>>>

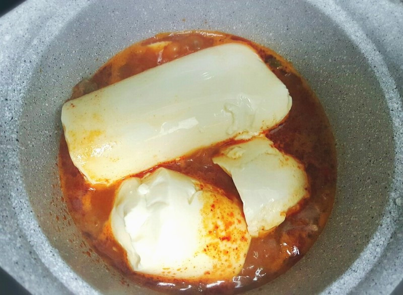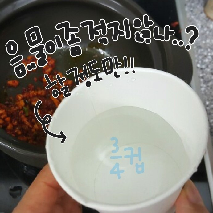 그 양념장에 물 4분의3컵을 넣고 끓이다가 순두부를 넣고
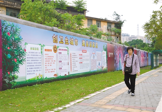 在蓬江区天宁路、珠江帝景湾正门一侧,有一处破旧的建筑群,其围墙上贴上了“创卫生城市 建美丽家园”的大幅宣传画,给人耳目一新的感觉。
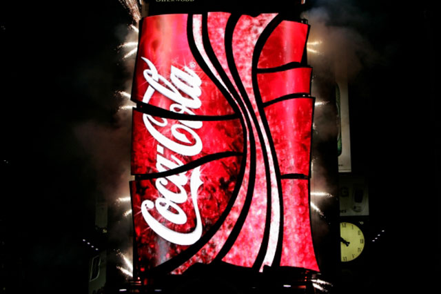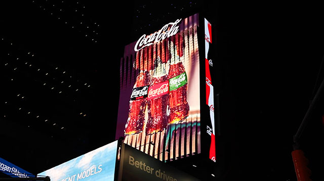时代广场是标志性的美国地标和户外广告的中心,素有世界的十字路口之称,每天约有30万人从这里经过,在这众屏云集的地方,可口可乐标志屏以其专有3D技术成功区别于其他显示屏,它为纽约市的上班族和游客这两类主要的受众量身定制节目,每周七天,每天24小时运转,广泛宣传各种产品,包括可口可乐,可口可乐零糖,健怡可乐和可口可乐生活。24小时的播放列表包括来自世界各地的可口可乐广告,并根据一天中的某个时间或一周中的某一天刷新广告素材。例如,路人可能会在午餐前看到一则广告,重点关注可口可乐配对的餐饮,以此触动受众,极大提高了品牌与受众参与性和互动性,把品牌带进生活。
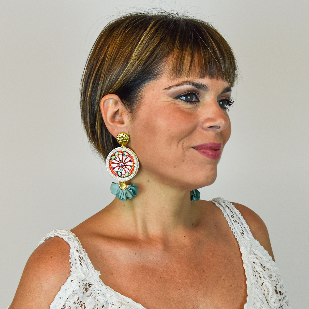 Angela Torrisi, anima creativa del marchio, crea ogni gioiello come un racconto che intreccia la luce del Mediterraneo e le atmosfere vivaci dei mercatini del centro storico di Catania.
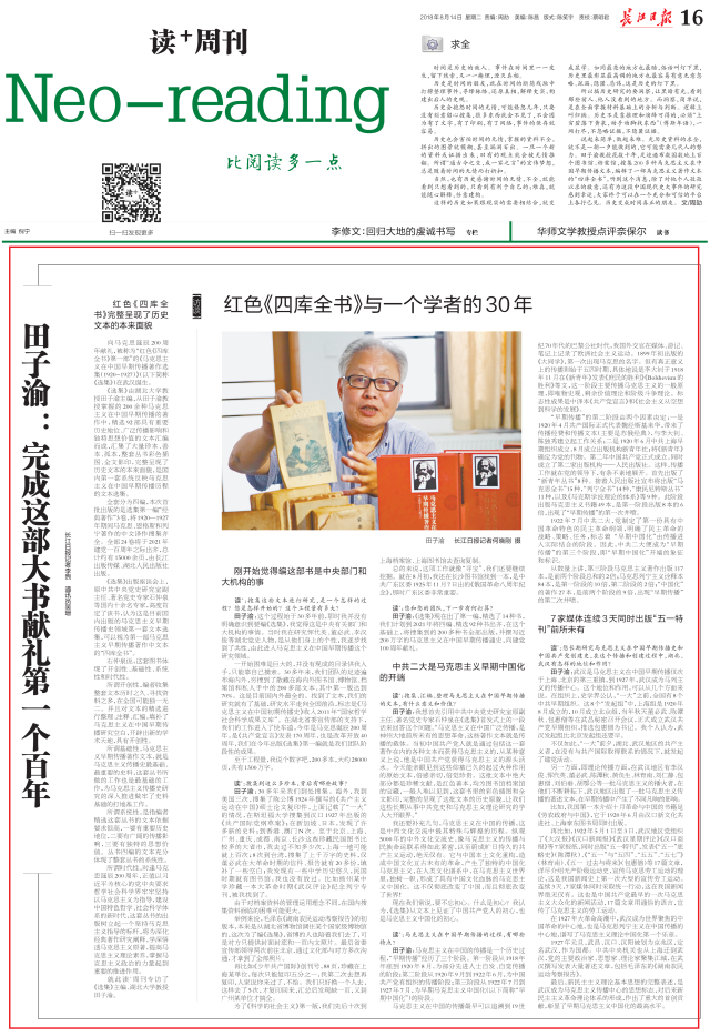 長江日報:湖大教授田子渝30余年編成“紅色《四庫全書》”
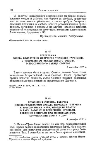 Телеграмма Совета солдатских депутатов Томского гарнизона с требованием немедленного созыва Всероссийского съезда Советов. 8 сентября 1917 г. // ЦГАОР СССР, ф. 6978, оп. 1, д. 358, л. 58. Копия.
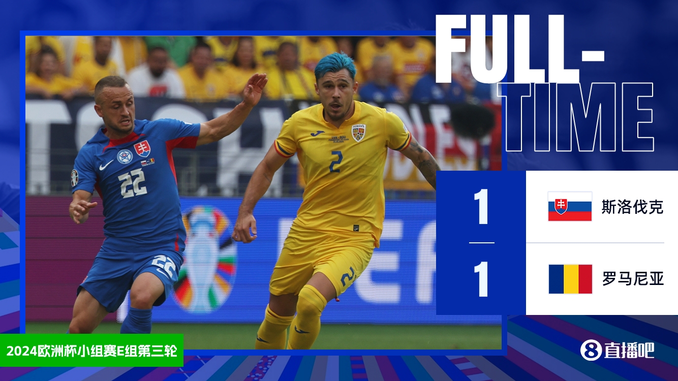 全场比赛结束,斯洛伐克1-1罗马尼亚。
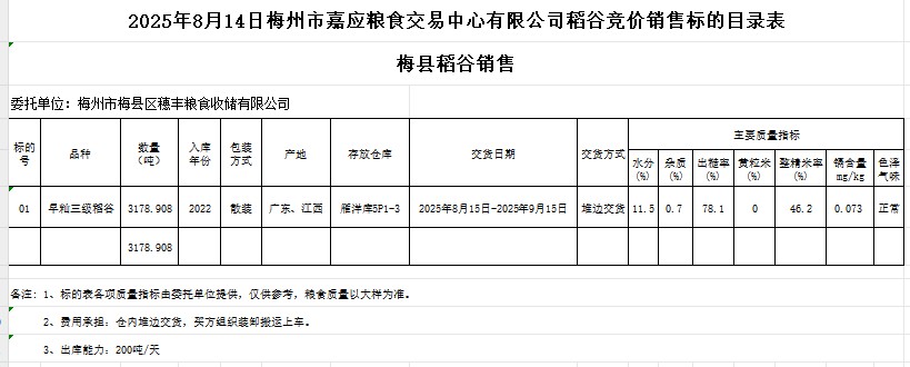 受客戶委托,梅州市嘉應(yīng)糧食交易中心有限公司定于2025年8月14日(星期四)舉辦糧食競價(jià)交易會。梅州市梅縣區(qū)穗豐糧食收儲有限公司擬銷售2022年產(chǎn)早秈稻谷3178.908噸。

<<<

● **EXERCISE GOAL**: Can you quote exactly, and only, the lines from the one containing "Телеграмма Совета солдатских" through the last line of the records above, keeping both ends and leaving out any pictures?

● **YOUR SOLUTION**:
 Телеграмма Совета солдатских депутатов Томского гарнизона с требованием немедленного созыва Всероссийского съезда Советов. 8 сентября 1917 г. // ЦГАОР СССР, ф. 6978, оп. 1, д. 358, л. 58. Копия.
 全场比赛结束,斯洛伐克1-1罗马尼亚。
 受客戶委托,梅州市嘉應(yīng)糧食交易中心有限公司定于2025年8月14日(星期四)舉辦糧食競價(jià)交易會。梅州市梅縣區(qū)穗豐糧食收儲有限公司擬銷售2022年產(chǎn)早秈稻谷3178.908噸。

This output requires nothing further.